Quindi l’esternalità determina inefficienza e quindi fallimenti di mercato che devono essere corretti: guardando all’interesse sociale che va oltre il singolo benessere dei produttori e che considera anche il benessere dei soggetti terzi non coinvolti nell’attività di mercato, il policymaker dovrà intervenire per portare l’economia verso l’equilibrio di ottimo sociale.

Per fare ciò occorre che i soggetti considerino gli effetti esterni delle loro attività cioè che internalizzino l’esternalità (positiva o negativa):

l’intervento di policy dovrà incentivare o obbligare i soggetti a farlo attraverso una tassazione in caso di esternalità negative o un finanziamento/sussidio in caso di esternalità positive o attraverso norme ad hoc. Ciò a cui miri il policymaker è l’internalizzazione delle esternalità.

Il fallimento di mercato è quindi corretto incentivando l’economia a spostarsi dall’equilibrio di mercato inefficiente all’equilibrio socialmente ottimo: il governo può internalizzare l’esternalità di produzione sussidiando la produzione cioè pagando il produttore di più rispetto alla quantità di equilibrio e raggiungere la quantità socialmente desiderabile.

Ma l’azione pubblica non è l’unica possibile per raggiungere l’equilibrio socialmente ottimo.

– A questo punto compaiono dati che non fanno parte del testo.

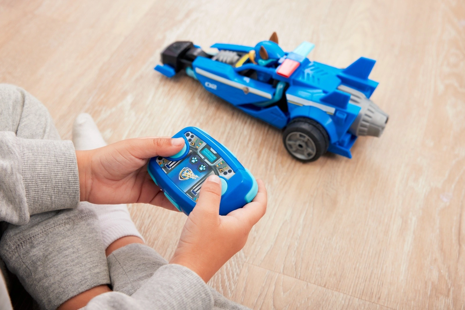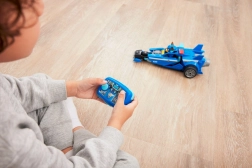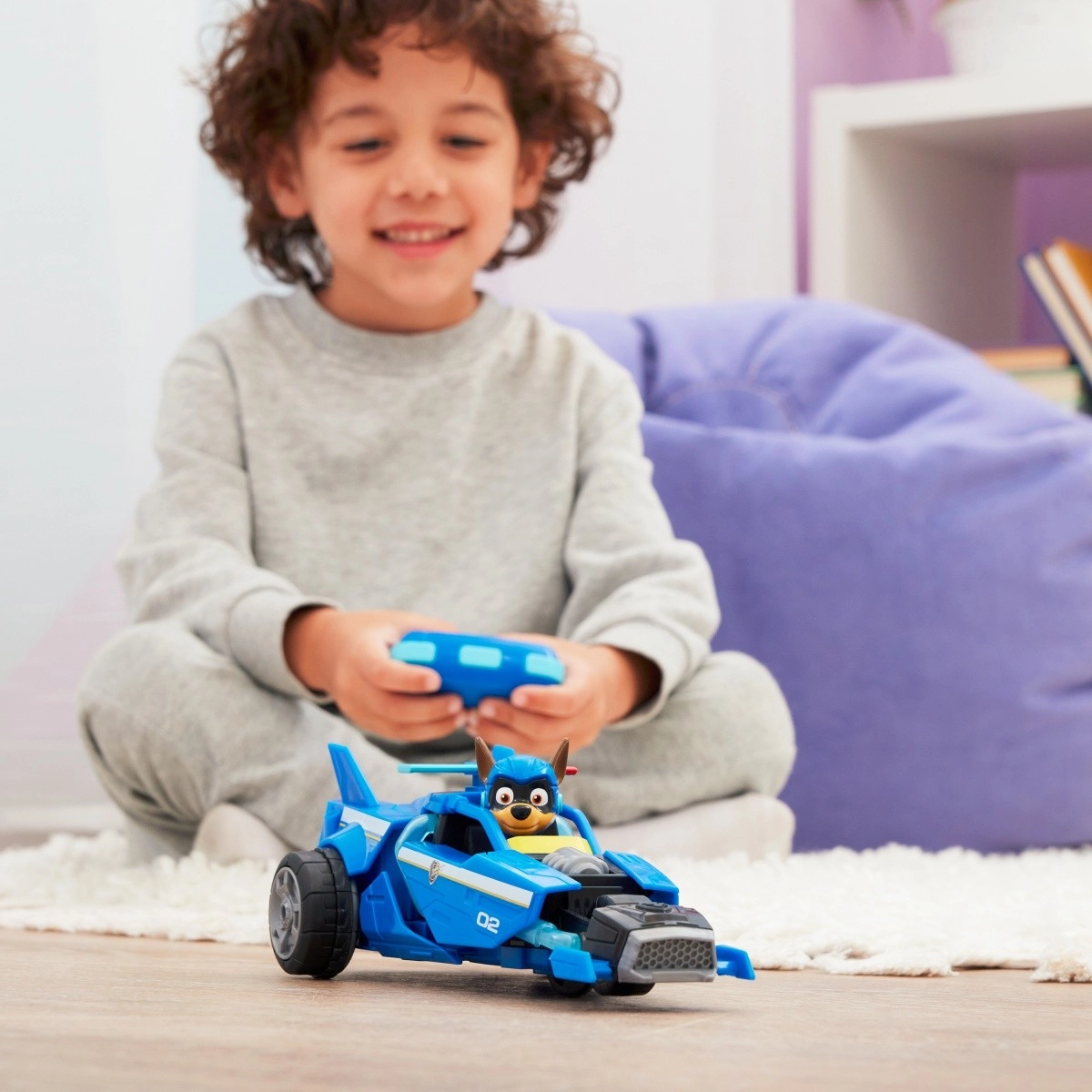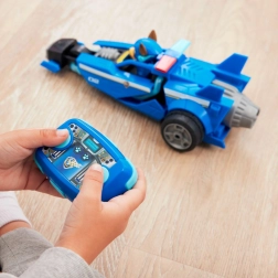 Oplev filmaction fra Paw Patrol med Chases blå politibil med 2,4 GHz fjernstyring. Børn kan nemt køre fremad og lave 180° vendinger takket være fjernbetjening med to knapper. Bilen har store baghjul, aerodynamiske “finner”, nummer 02 og en detaljeret kabine med Chase-figur.

Infatti, l’assunzione di comportamenti non opportunistici e cooperativi, raggiungibili attraverso per esempio a meccanismi di punizioni, contribuiscono al raggiungimento di un sistema economico di equilibrio ottimo senza la necessità di un intervento pubblico correttivo.

Dunque in generale esistono altri implicazioni di policy oltre l’intervento pubblico di tassazione/sussidio che riguardano i privati e che sono ad esempio l’accettazione di :

- codici morali e sanzioni sociali

- contratti privati

Ovviamente il secondo è sostenuto dal Teorema Coase per cui se i soggetti privati possono contrattare senza costi l’allocazione delle risorse allora il mercato può risolvere da solo il problema delle esternalità.

Nel momento in cui tuttavia, le condizioni del Teorema di Coase venissero meno per la presenza di costi troppo alti di transazione (intesi come i costi nei quali incorrono i soggetti privati per raggiungere e mettere in atto un accordo) allora l’interveto pubblico è

nuovamente chiamato in causa e può intervenire riducendo tali costi o definendo meglio i diritti di proprietà.

Per ultimi si osservi come l’equilibrio ottimo può essere raggiungo anche attraverso mezzi coercitivi, normativi.

Le Autorità Pubbliche fissando delle regole possono proibire alcuni comportamenti o richiederne degli altri (come la fissazione di livelli massimi di inquinamento): anche in questo caso si internalizza l’esternalità obbligando gli attori economici a operare secondo l’equilibrio di ottimo sociale.